Task directions >> Retype, exactly as they appear below, the lines between the line holding "For Realme 12" and the line holding "- Simple Houseware", both ends included.

Records supplied >>
== Segment start ==
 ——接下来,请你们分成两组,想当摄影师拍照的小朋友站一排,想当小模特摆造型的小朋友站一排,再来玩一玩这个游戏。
== Segment end ==
== Segment start ==
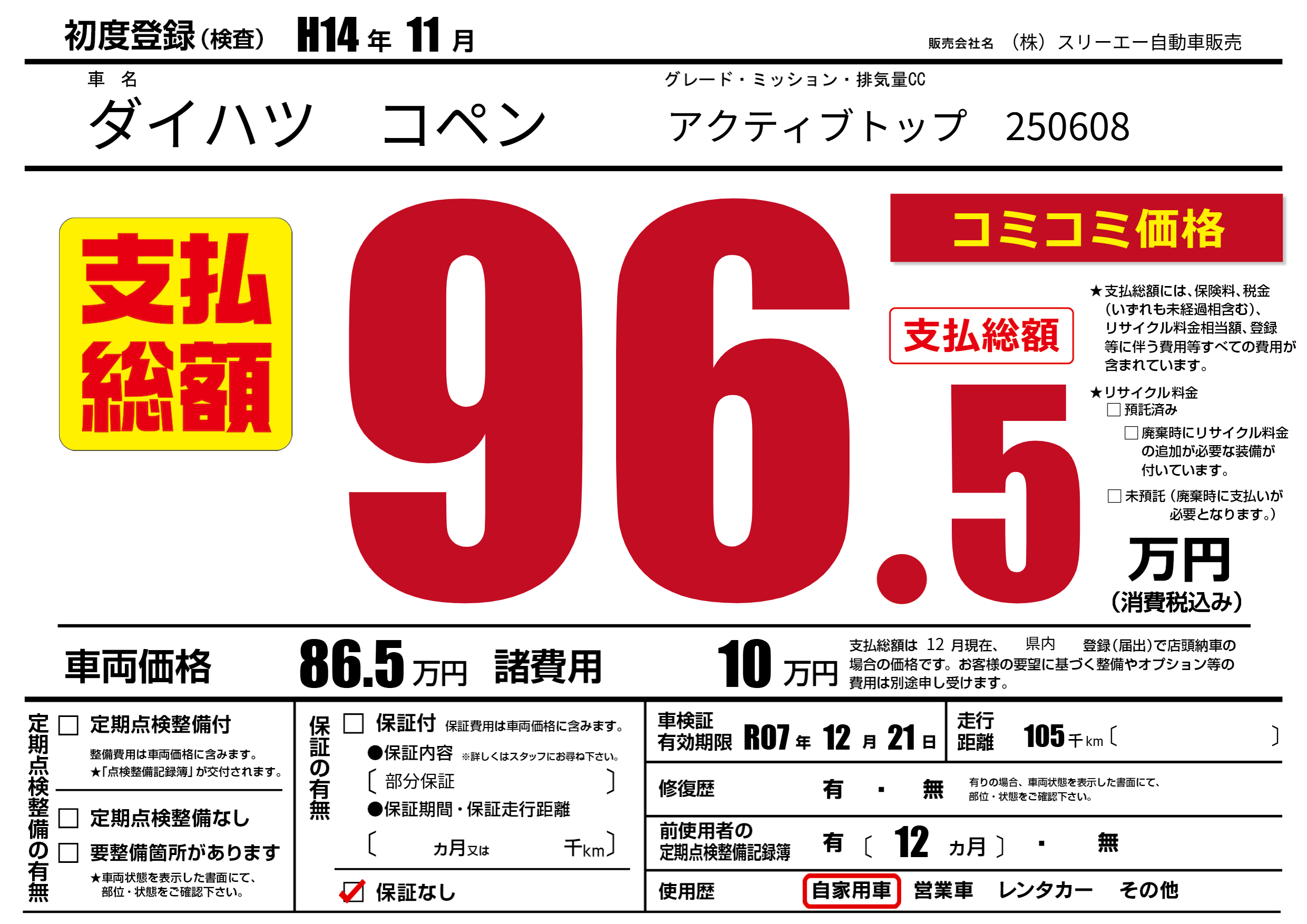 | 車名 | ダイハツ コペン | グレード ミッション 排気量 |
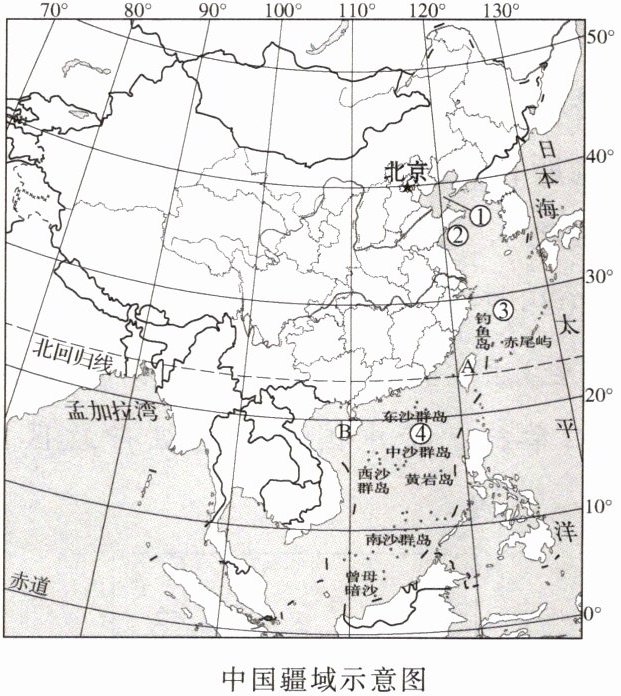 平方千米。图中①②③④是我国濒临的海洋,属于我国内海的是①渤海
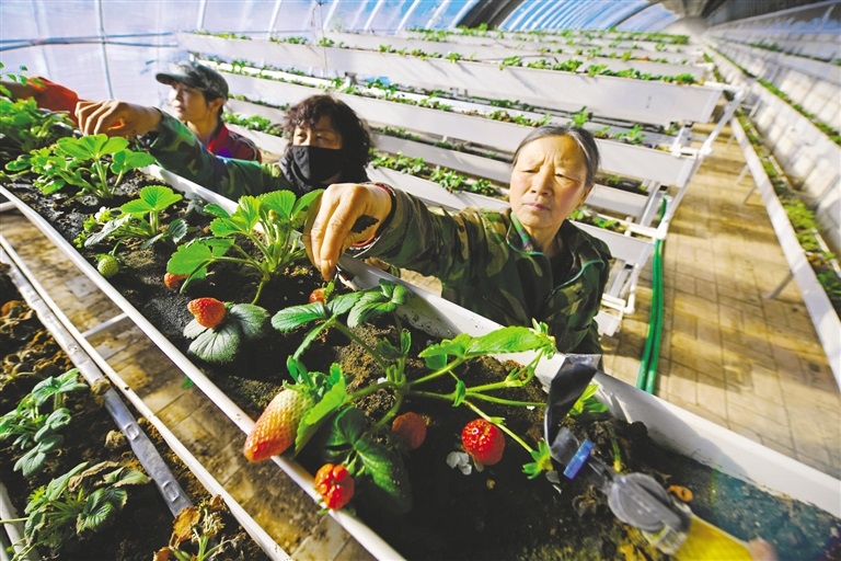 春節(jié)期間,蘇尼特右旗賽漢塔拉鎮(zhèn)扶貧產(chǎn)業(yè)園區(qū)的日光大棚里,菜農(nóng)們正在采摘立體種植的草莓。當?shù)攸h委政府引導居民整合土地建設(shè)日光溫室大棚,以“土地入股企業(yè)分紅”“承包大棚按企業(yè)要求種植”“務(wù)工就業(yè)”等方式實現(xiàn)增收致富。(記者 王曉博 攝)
== Segment end ==
== Segment start ==
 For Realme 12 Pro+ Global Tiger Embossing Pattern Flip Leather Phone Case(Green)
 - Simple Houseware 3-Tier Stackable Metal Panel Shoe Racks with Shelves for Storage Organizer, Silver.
== Segment end ==
Task response >>
 For Realme 12 Pro+ Global Tiger Embossing Pattern Flip Leather Phone Case(Green)
 - Simple Houseware 3-Tier Stackable Metal Panel Shoe Racks with Shelves for Storage Organizer, Silver.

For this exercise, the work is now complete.